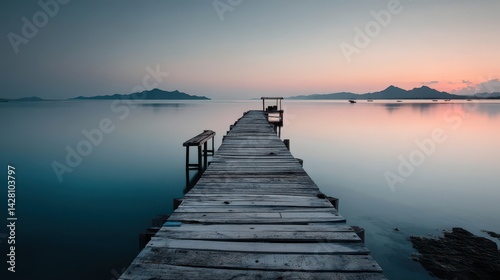 © SnapNest, Obraz premium Blue hour Tropical coastline concept. Serene wooden pier extending into calm waters at sunset, surrounded by distant mountains.
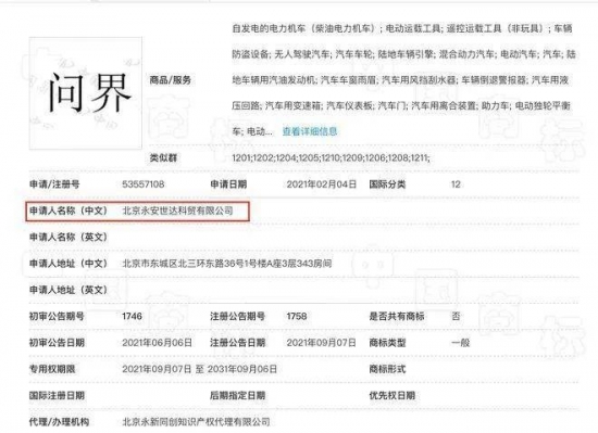 问界虽然是由华为和赛力斯共同推出的汽车品牌,但问界此前的商标所有者既不是华为,也不是赛力斯,而是一家第三方公司——北京永安世达科贸有限公司,而且这个第三方似乎并没有和华为、赛力斯有所关联。
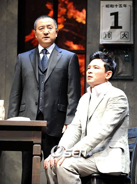 영화배우 황정민이 8년만에 꾸미는 연극무대인 연극 '웃음의 대학'(연출 이해제) 프레스콜이 24일 오후 서울 대학로 동숭아트센터 동숭홀에서 열렸다. '웃음의 대학'은 24일 저녁 초연해 내달 30일까지 이어지는 황정민-송영창의 2인극으로 일본작가 미타니 코우키의 작품이다. 송영창과 황정민이 취재진을 위해 하이라이트 장면을 연기하고 있다. /강희수 기자 100c@osen.co.kr
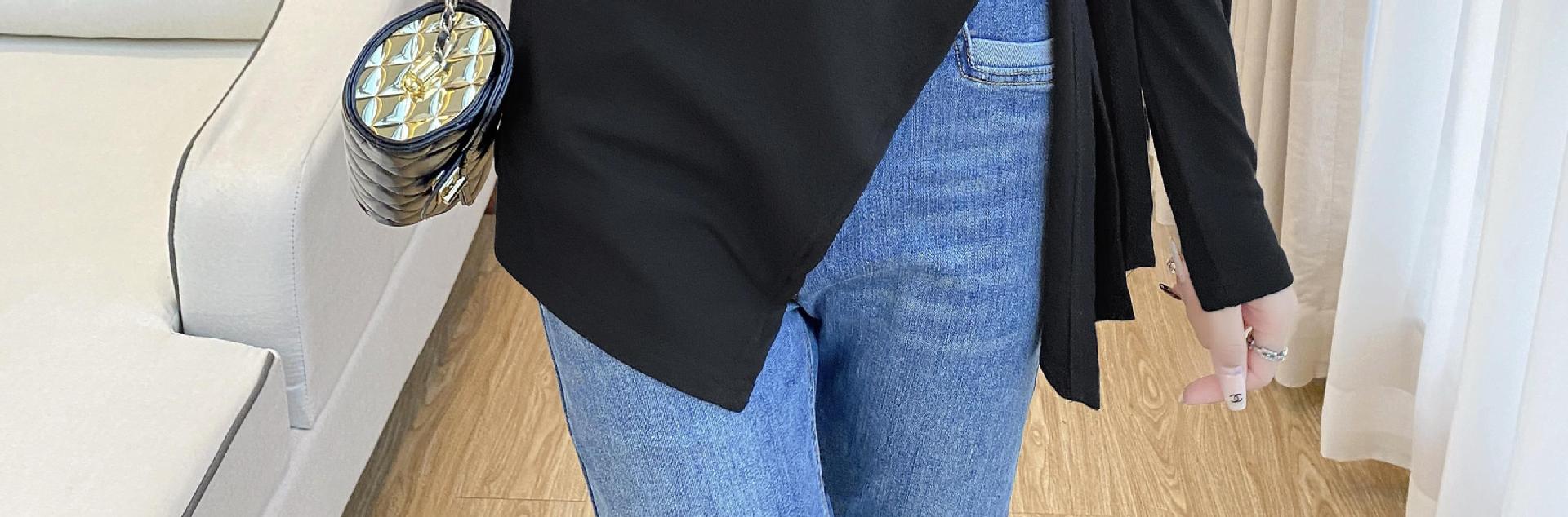 긴 소매 티셔츠 봄과 가을 디자인베이스 셔츠 단색 틈새 분할 우아한 슬림 블랙 불규칙한 탑 여성스토어 가기
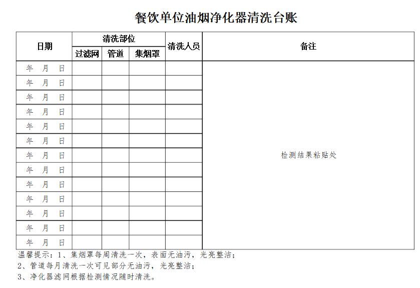 油煙凈化器清洗記錄表格,廚房油煙凈化器目前已走入越來越多的家庭,逐步成為廚房必須品之一。但是對于油煙凈化器的清潔維護方面,廣大用戶還存在諸多不足,為了保障用戶的使用效果和安全,油煙凈化器必須清洗。
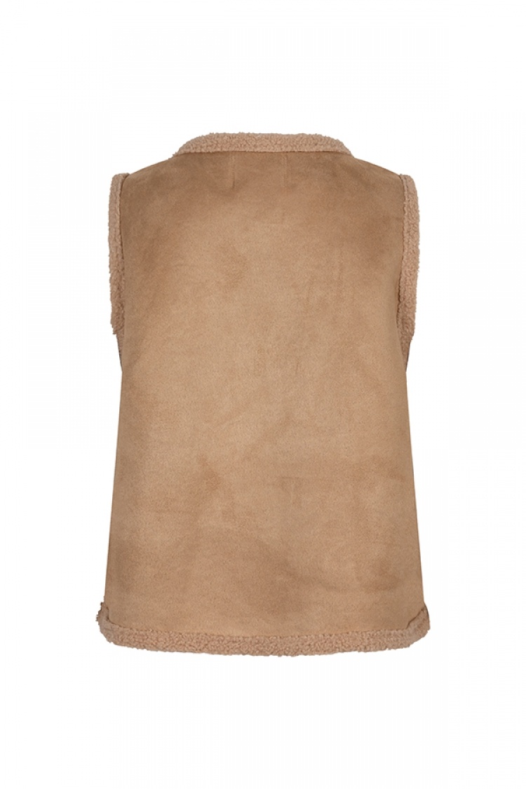 Gilet Mois is een beige gilet met aangesloten fit. Het jasje zonder mouwen is iets korter en de randen van het gilet zijn voorzien met een teddy stof.
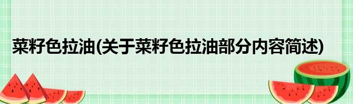 菜籽色拉油(关于菜籽色拉油部分内容简述)
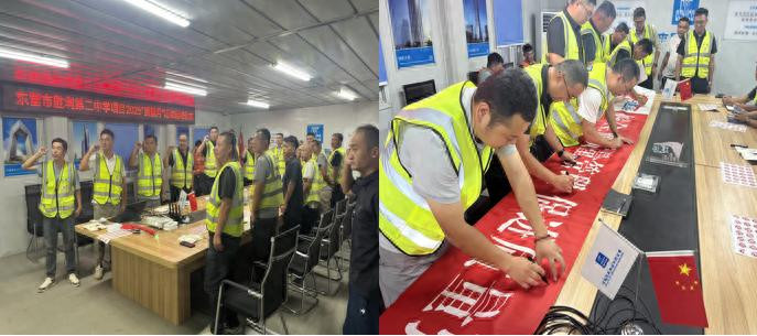 中建二局东营市胜利第二中学改扩建项目积极响应号召鼎信天下,举办2025年“质量月”活动启动仪式,并组织全体人员宣誓、签字。
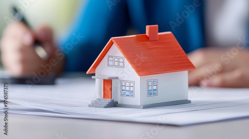 Miniature house model on documents being reviewed by a professional in an office setting. Concept of real estate, mortgage, and home ownership.
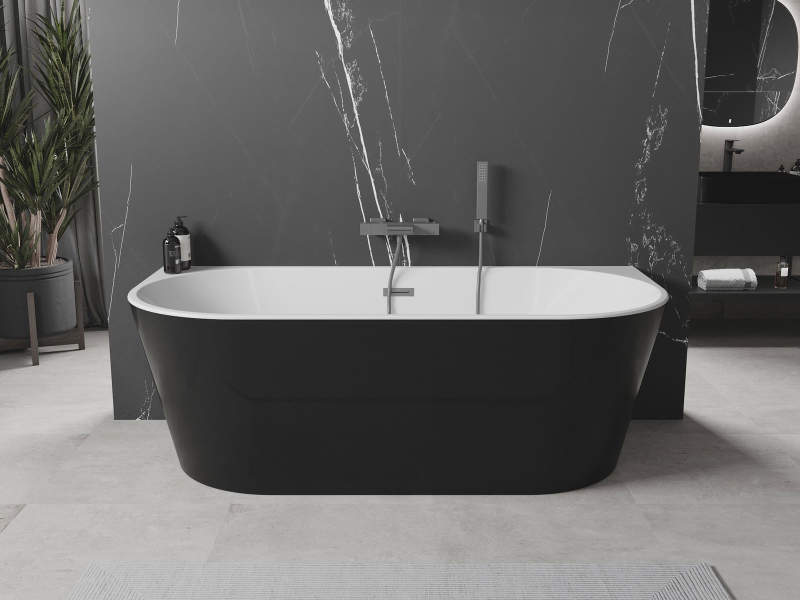 Mexen Oval е елегантна самостоятелна вана с размери 140 x 75 см, проектирана с мисъл за комфорт и естетика. Изработена от санитарен акрил, в бял/черен цвят, със завършек в полиран gun grey. Ваната е с дълбочина 45 см и височина 58 см, което осигурява удобна употреба. Включва отвор за преливник и сифон с тапа "клик клак". Овалната форма и устойчивостта на матиране и UV облъчване я правят отличен избор за съвременни бани.
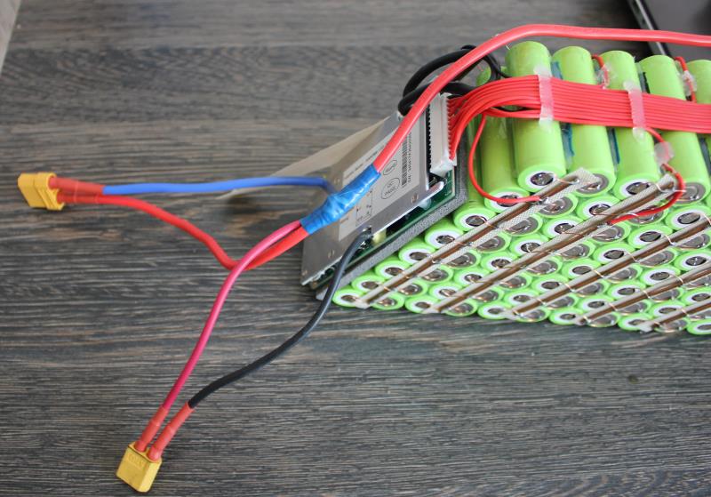 BMS закрепил на 2х сторонний скотч через прокладку их вспененного полиэтилена толщиной 5 мм. Вывел концы сечением 6мм2 c разъемом XT90 для подключения к контролеру и XT60 для зарядки.
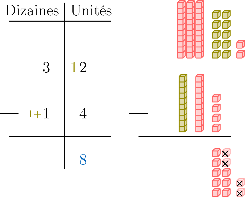 • Étape 4 : Soustraire les unités. C'est facile maintenant : $$12 \text{ unités} - 4 \text{ unités} = 8 \text{ unités}$$
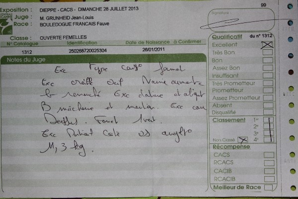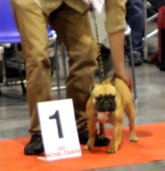 10Kg400EX craneEX oreillesEx oeilTruffe correcteRapport crane chanfrein correctEx menton,prognatismePoitrail serréCote correctPoitrine juvenil et en rapport avec son ageRoach back correctAngulation correctQueue courte mais presenteEx poilManque de substanceAlure correct et regulier
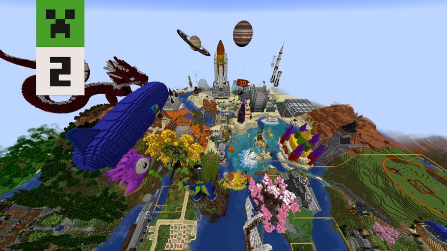 В честь юбилея франшизы Minecraft, игра получила новую карту, созданную силами более чем 100 пользователей. Она включает в себя множество различных локаций, среди которых можно обнаружить: маяк, островной город, бункер Мунди, «Спейс шаттл» и прочее.

● **Brief**:
An exact copy of the lines from the one with "菜籽色拉油(关于菜籽色拉油部分内容简述)" through the last line of the records, inclusive, is required, with all pictures left out.

● **Result for this exercise**:
 菜籽色拉油(关于菜籽色拉油部分内容简述)
 中建二局东营市胜利第二中学改扩建项目积极响应号召鼎信天下,举办2025年“质量月”活动启动仪式,并组织全体人员宣誓、签字。
 Miniature house model on documents being reviewed by a professional in an office setting. Concept of real estate, mortgage, and home ownership.
 Mexen Oval е елегантна самостоятелна вана с размери 140 x 75 см, проектирана с мисъл за комфорт и естетика. Изработена от санитарен акрил, в бял/черен цвят, със завършек в полиран gun grey. Ваната е с дълбочина 45 см и височина 58 см, което осигурява удобна употреба. Включва отвор за преливник и сифон с тапа "клик клак". Овалната форма и устойчивостта на матиране и UV облъчване я правят отличен избор за съвременни бани.
 BMS закрепил на 2х сторонний скотч через прокладку их вспененного полиэтилена толщиной 5 мм. Вывел концы сечением 6мм2 c разъемом XT90 для подключения к контролеру и XT60 для зарядки.
 • Étape 4 : Soustraire les unités. C'est facile maintenant : $$12 \text{ unités} - 4 \text{ unités} = 8 \text{ unités}$$
 10Kg400EX craneEX oreillesEx oeilTruffe correcteRapport crane chanfrein correctEx menton,prognatismePoitrail serréCote correctPoitrine juvenil et en rapport avec son ageRoach back correctAngulation correctQueue courte mais presenteEx poilManque de substanceAlure correct et regulier
 В честь юбилея франшизы Minecraft, игра получила новую карту, созданную силами более чем 100 пользователей. Она включает в себя множество различных локаций, среди которых можно обнаружить: маяк, островной город, бункер Мунди, «Спейс шаттл» и прочее.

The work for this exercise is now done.